La Corte di Cassazione, nel rigettare la domanda, con la sentenza del 16 gennaio 2025 n. 1036, rileva che: “sotto il profilo della dedotta responsabilità contrattuale, il giudice ha considerato che il maggior danno dedotto non rientrava, sotto il profilo eziologico, nella prevedibilità richiesta dall’art. 1225 c.c., la quale a livello contrattuale si risolve in un giudizio astratto di probabilità del verificarsi di un futuro evento, secondo un parametro di normale diligenza del soggetto tenuto ad adempiere la propria obbligazione.
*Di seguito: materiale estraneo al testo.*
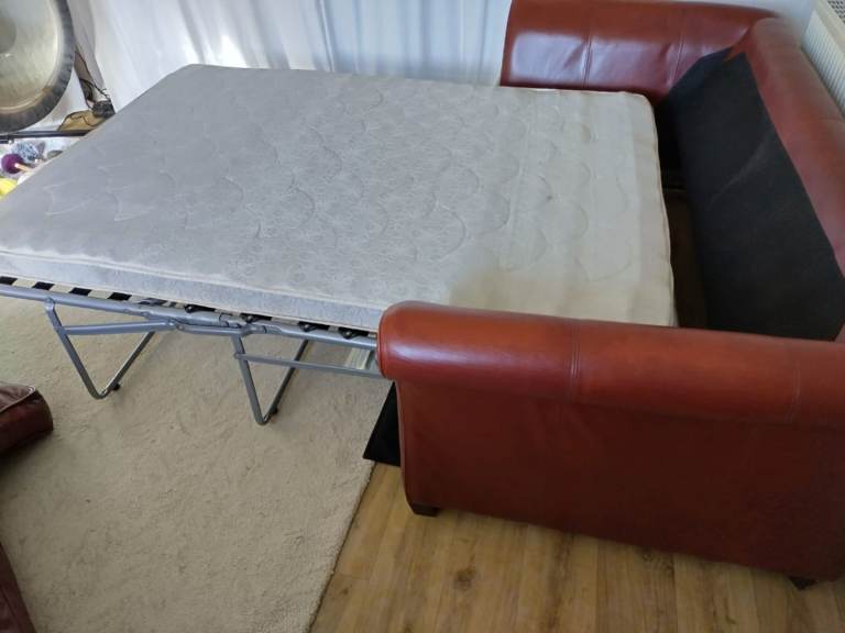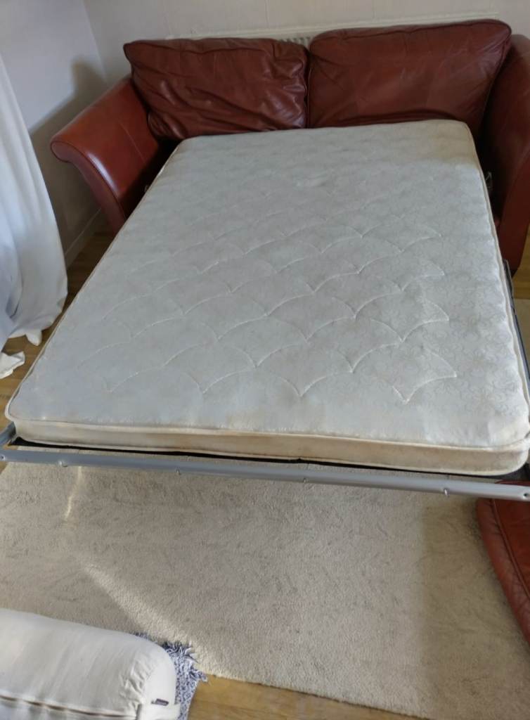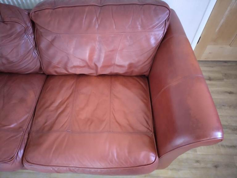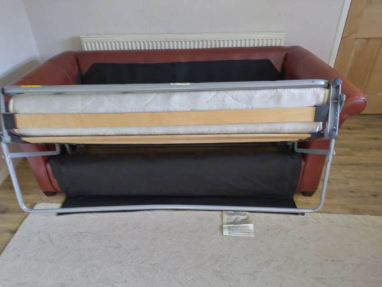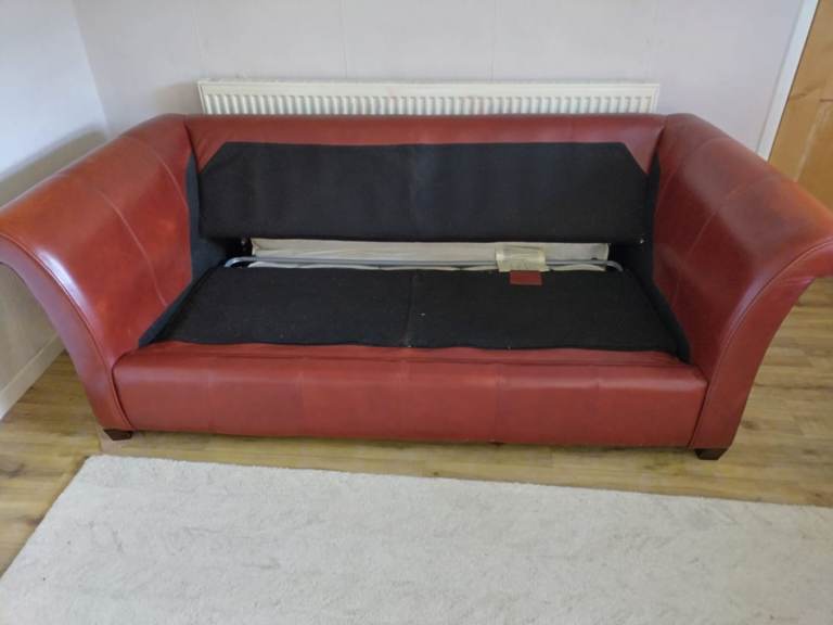 A very high quality and much loved 3 seater (with two very large seater cushions) DFS sofa-bed in beautiful maroon leather. About 10 years old, but very well looked after, with no significant marks or damage.

Ragionando sulla base dei criteri sopra descritti, il giudice, secondo il suo prudente apprezzamento, ha ritenuto, da un lato, che il danno attribuibile all’inadempimento del professionista per le omissioni tributarie accertate fosse di gran lunga minore, sotto il profilo causale, rispetto a quello invocabile dall’attrice, proprio in relazione alla nozione di normale prevedibilità del medesimo, non avendo la vicenda avuto alcun risvolto penale, sì da poter scatenare una reazione psicologica simile a quella dedotta; dall’ altro, ha ritenuto, proprio in ragione dell’inadempimento accertato, che il danno ricollegabile all’inadempimento del professionista incaricato di redigere la dichiarazione dei redditi fosse considerabile in relazione alle esigue sanzioni patrimoniali irrogate alla contribuente per ripianare l’omissione contributiva, per la restante maggior parte restando detto onere comunque a carico della contribuente, restando fuori dall’abito del danno prevedibile il grave danno permanente alla persona o la perdita della capacità lavorativa, e ciò anche secondo un criterio di proporzionalità“.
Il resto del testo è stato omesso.